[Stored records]
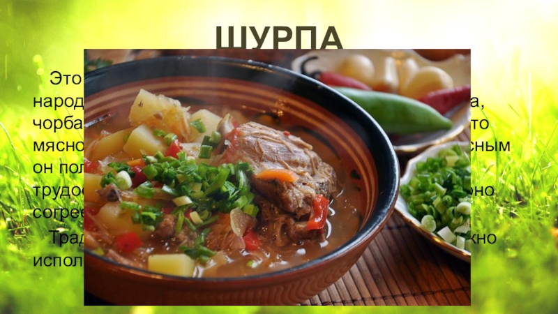 но созвучные названия: шурпа, чорба, шорпо, сорпа и другие. Но, как ни назови, это мясной наваристый суп с овощами. Особенно вкусным он получается, если варить его на костре. Блюдо трудоёмкое, но, если вы целый день на природе, оно согреет и зарядит энергией.
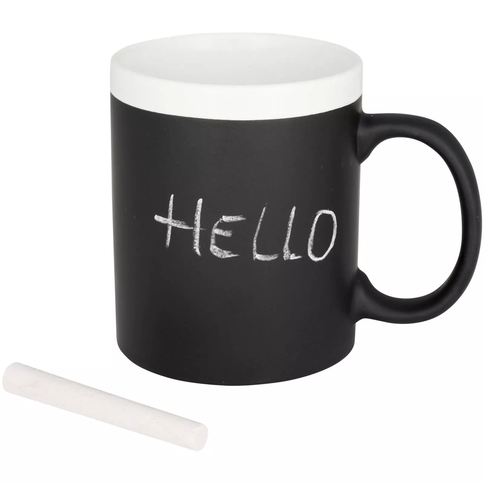 Tästä mukista saa yksilöllisen kirjoittamalla liitutaulupinnalle liidulla. Mukana on liitu. EN12875-1 vaatimusten mukainen; konepestävä, myös koristeltuna. Tilavuus on 330ml. Esillepano valkoisessa pahvilaatikossa.
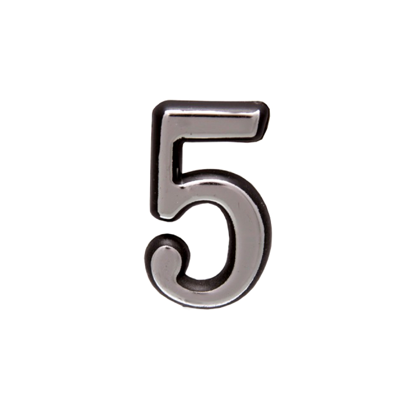 Цифра дверная БОЛЬШАЯ "5" хром на клеевой основе пластик* (АЛЛЮР)
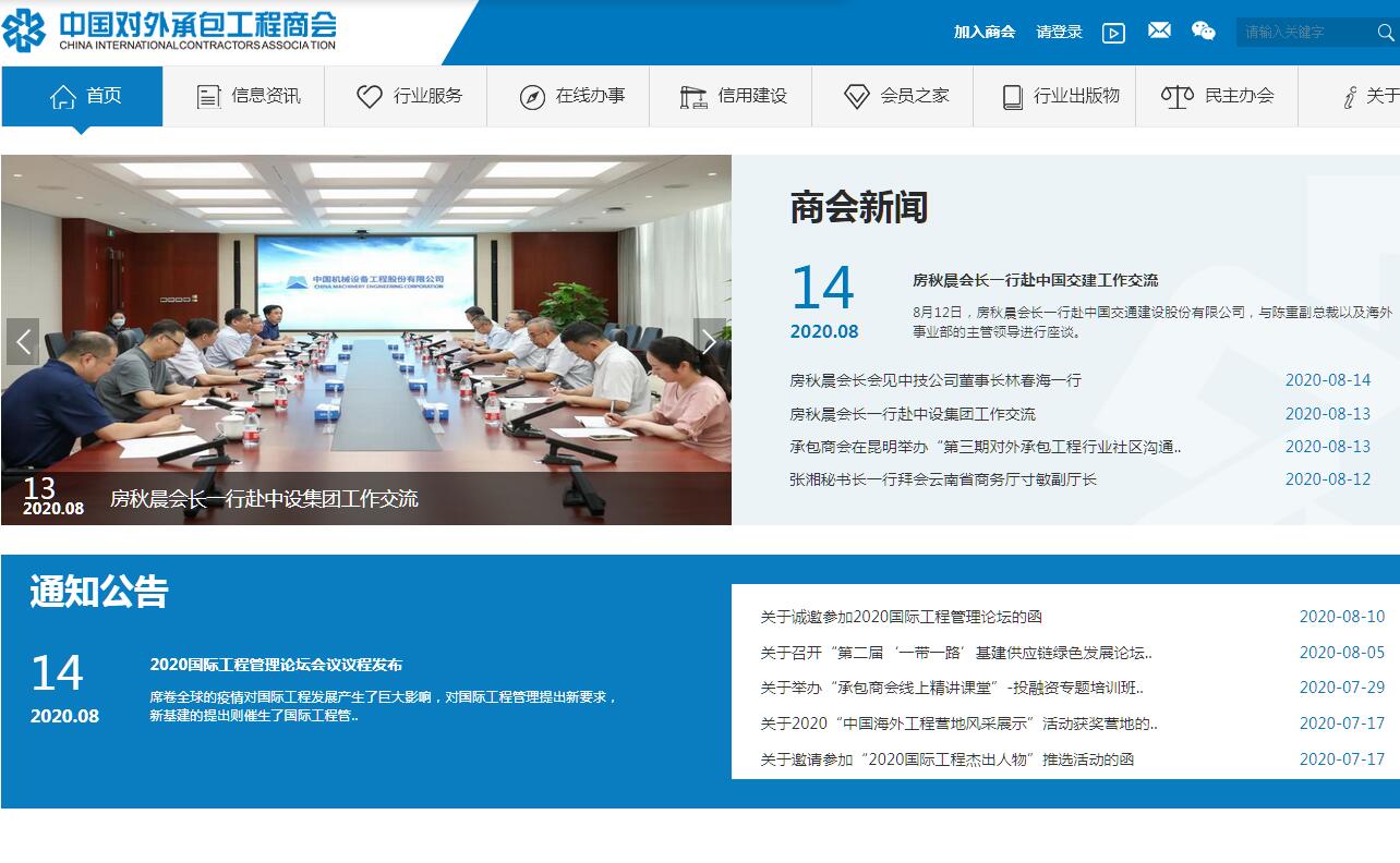 | 網(wǎng)站簡(jiǎn)介: 中國(guó)對(duì)外承包工程商會(huì)是由在中華人民共和國(guó)境內(nèi)依法注冊(cè)從事對(duì)外承包工程、勞務(wù)合作、工程類投資及提供相關(guān)服務(wù)的企業(yè)和單位依法自愿組成的全國(guó)性、行業(yè)性、非營(yíng)利性的社會(huì)組織,代表行業(yè),具有社會(huì)團(tuán)體法人資格。其主要職責(zé)是:1、代表行業(yè)利益,表達(dá)行業(yè)意愿。參與相關(guān)法律法規(guī)、產(chǎn)業(yè)政策、技術(shù)標(biāo)準(zhǔn)和行業(yè)發(fā)展規(guī)劃的制訂,向政府反映會(huì)員的合理建議。代表行業(yè)進(jìn)行對(duì)外交涉,維護(hù)會(huì)員企業(yè)及勞務(wù)人員的合法利益。2、實(shí)施行業(yè)自律,維護(hù)經(jīng)營(yíng)秩序。制定行業(yè)行為規(guī)范和公約,協(xié)調(diào)會(huì)員業(yè)務(wù)和會(huì)員關(guān)系,開展行業(yè)信用體系和社會(huì)責(zé)任建設(shè),維護(hù)國(guó)家利益,維護(hù)經(jīng)營(yíng)秩序,保護(hù)公平競(jìng)爭(zhēng)。3、開展專業(yè)服務(wù),滿足企業(yè)需求。開展行業(yè)研究,提供信息、咨詢、培訓(xùn)服務(wù),協(xié)助企業(yè)解決業(yè)務(wù)問(wèn)題,組織市場(chǎng)考察和開拓活動(dòng)。4、加強(qiáng)國(guó)際交流,促進(jìn)同行合作。代表本行業(yè)參加國(guó)際同行業(yè)組織,出席有關(guān)國(guó)際會(huì)議,與相關(guān)國(guó)際組織和地區(qū)、國(guó)家同行業(yè)組織建立聯(lián)系,促進(jìn)行業(yè)的國(guó)際間合作。5、履行政府委托的、會(huì)員共同要求的及行業(yè)發(fā)展所需要的其他職責(zé)。 |
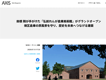 田根剛氏が手がけた「弘前れんが倉庫美術館」について取り上げている記事が、AXISに掲載されています。

▸ YOUR TASK:
Could you repeat, exactly and with nothing added, the lines from the top of the entries above through the line that holds "Цифра дверная БОЛЬШАЯ", leaving out any pictures?

▸ RESULT FOR THIS TASK:
 но созвучные названия: шурпа, чорба, шорпо, сорпа и другие. Но, как ни назови, это мясной наваристый суп с овощами. Особенно вкусным он получается, если варить его на костре. Блюдо трудоёмкое, но, если вы целый день на природе, оно согреет и зарядит энергией.
 Tästä mukista saa yksilöllisen kirjoittamalla liitutaulupinnalle liidulla. Mukana on liitu. EN12875-1 vaatimusten mukainen; konepestävä, myös koristeltuna. Tilavuus on 330ml. Esillepano valkoisessa pahvilaatikossa.
 Цифра дверная БОЛЬШАЯ "5" хром на клеевой основе пластик* (АЛЛЮР)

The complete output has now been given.